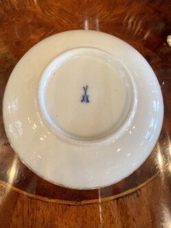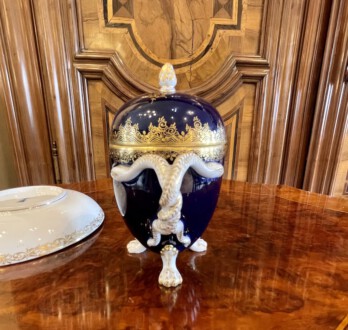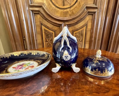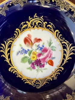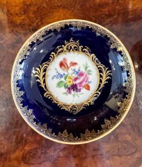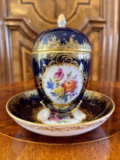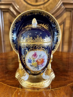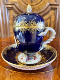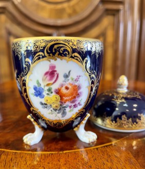 Meissen Deckeltasse mit Untertasse auf 3 Tatzenfüssen mit Schlangenhenkel – kobaltblauer Fond – Schauseite mit rocaillengerahmter Kartusche, darin Blütenbuketts, rundum reiche Goldspitze – Untertasse als tiefe Schale in identischer Gestaltung, Goldbordüre auch unterhalb der Untertasse – Deckel mit Goldspitze und Pinienknauf – Tasse: Höhe: 12 cm, Durchmesser 6,8 cm, Untertasse: Höhe 3 cm, Durchmesser 13 cm – geknaufte Schwertermarke, 1. Wahl – Meissen ca. 1880
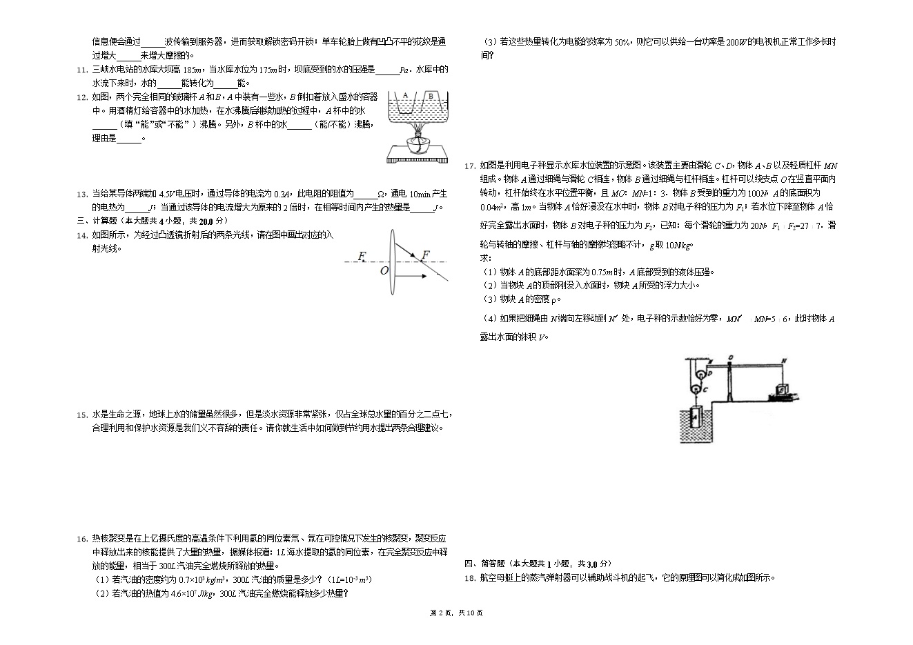 - 上一份试卷:2019年贵州省安顺市中考物理模拟试卷(解析版)
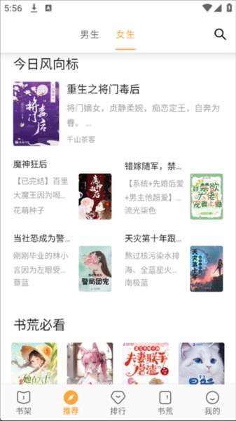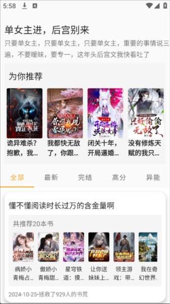 2、进入推荐页面,这里展示各类热门小说资源。
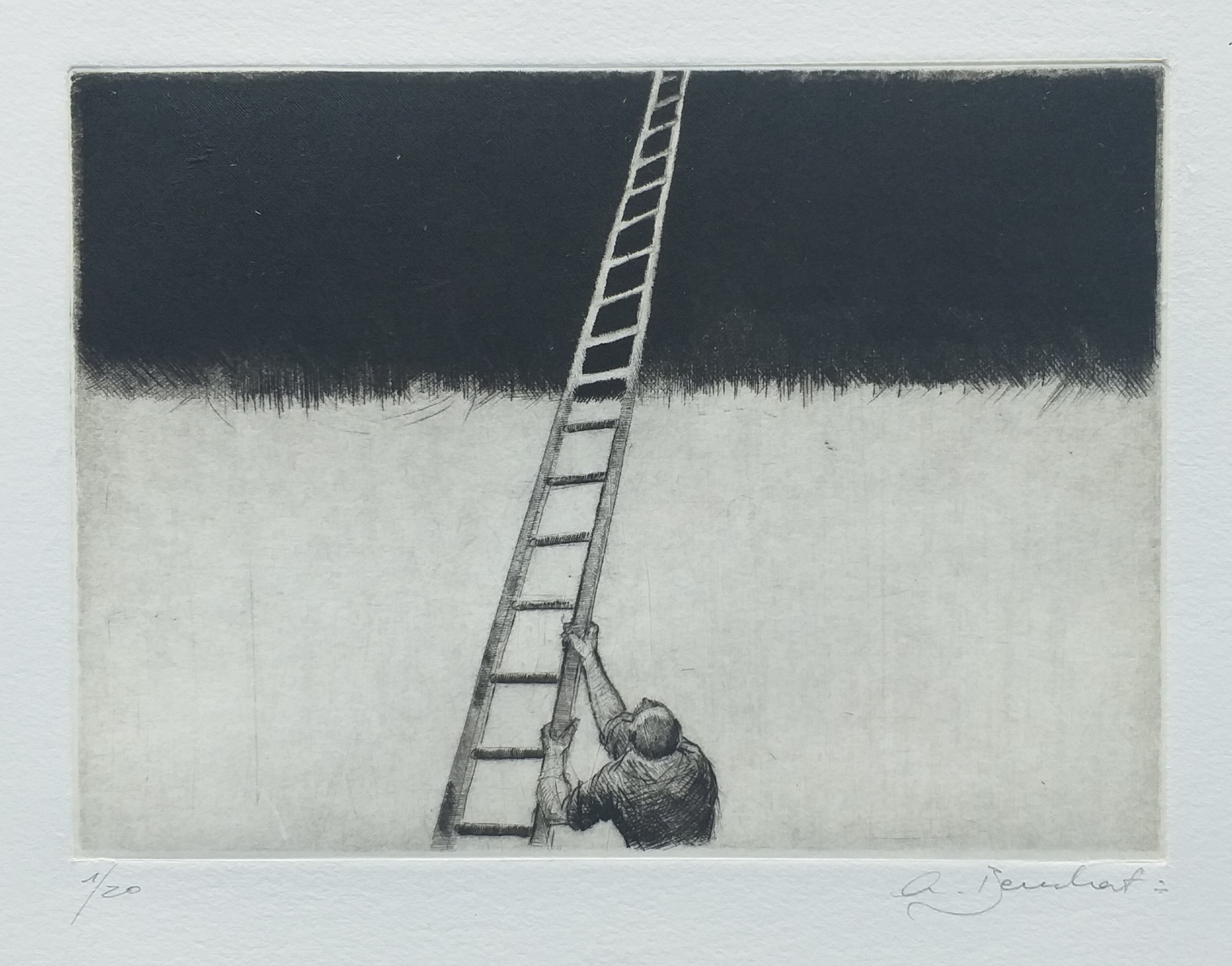 A singular drypoint! In an elementary composition, black and white boldly clash. A small figure—where does he come from?—balances a ladder (a reference to the story of Jacob described in Genesis). What an elegant diagonal traverses the space! This attempt to connect earth to heaven seems bizarre, but the image is symbolic: man loves to challenge nature and push the limits of possibility. The artist also sees in it a desire to establish a connection between the human and the divine. The drypoint reveals sumptuous blacks, and the background applied to the white paper enhances the rigorously executed line.
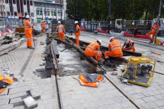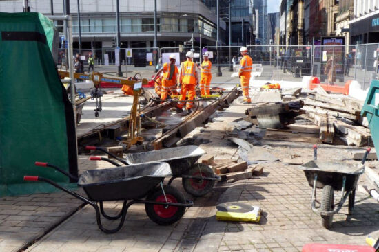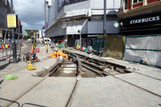 Recent progress has seen the conclusion of work at Shudehill with new track now in place there. Meanwhile, the work crews have moved on to a second phase which sees the points at Market Street and the trailing points from Piccadilly Gardens and Mosley Street towards Victoria replaced.
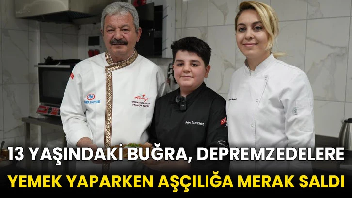 Gaziantep Büyükşehir Belediyesi'ne bağlı Aziz Sancar Eğitim ve Sanat Merkezi'nde aşçı yardımcısı olarak eğitim alan Buğra Özdemir, 13 yaşında olmasına rağmen kendisinden yaşça büyük insanlardan bile daha iyi yemek yapma becerisi gösteriyor. 13 yaşındaki Buğra, dedesinin de aşçı olması nedeniyle mesleğe olan ilgisinin yanı sıra depremde yardıma muhtaç insanların hayatına dokunmanın da kendisinde duygusal olarak büyük etki gösterdiğini ve bu sebeple aşçı olmak istediğini söyledi.
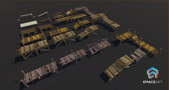 - Water & Paths: 8x River straights, 11x Road islands, 19x Road details (Rims, Sides, Bricks), 3x Stairs elements
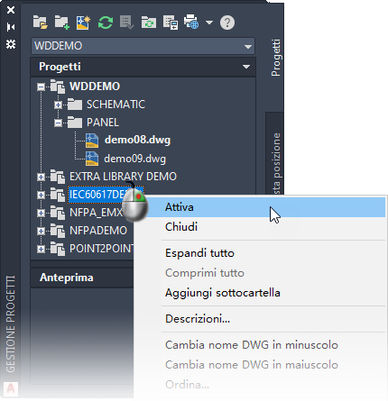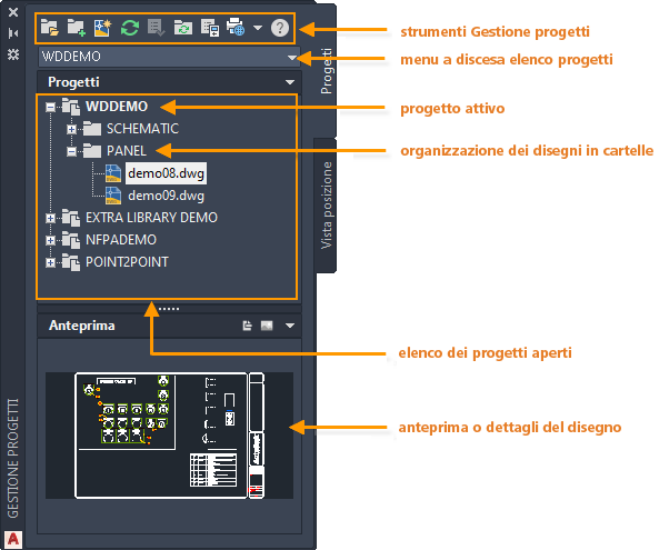 Set di strumenti di AutoCAD Electrical è basato sui progetti. Per progetto si intende un gruppo di disegni correlati. Tutte le informazioni relative ad un progetto, inclusi i disegni contenuti nel progetto, vengono salvate in un file di progetto con estensione .wdp.

============================================================

> TASK OBJECTIVE
From the records above, output only the lines starting at the one containing "Recent progress has" and ending at the one containing "- Water & Paths: 8x", word for word. Pictures stay out.

> ANSWER SECTION
 Recent progress has seen the conclusion of work at Shudehill with new track now in place there. Meanwhile, the work crews have moved on to a second phase which sees the points at Market Street and the trailing points from Piccadilly Gardens and Mosley Street towards Victoria replaced.
 Gaziantep Büyükşehir Belediyesi'ne bağlı Aziz Sancar Eğitim ve Sanat Merkezi'nde aşçı yardımcısı olarak eğitim alan Buğra Özdemir, 13 yaşında olmasına rağmen kendisinden yaşça büyük insanlardan bile daha iyi yemek yapma becerisi gösteriyor. 13 yaşındaki Buğra, dedesinin de aşçı olması nedeniyle mesleğe olan ilgisinin yanı sıra depremde yardıma muhtaç insanların hayatına dokunmanın da kendisinde duygusal olarak büyük etki gösterdiğini ve bu sebeple aşçı olmak istediğini söyledi.
 - Water & Paths: 8x River straights, 11x Road islands, 19x Road details (Rims, Sides, Bricks), 3x Stairs elements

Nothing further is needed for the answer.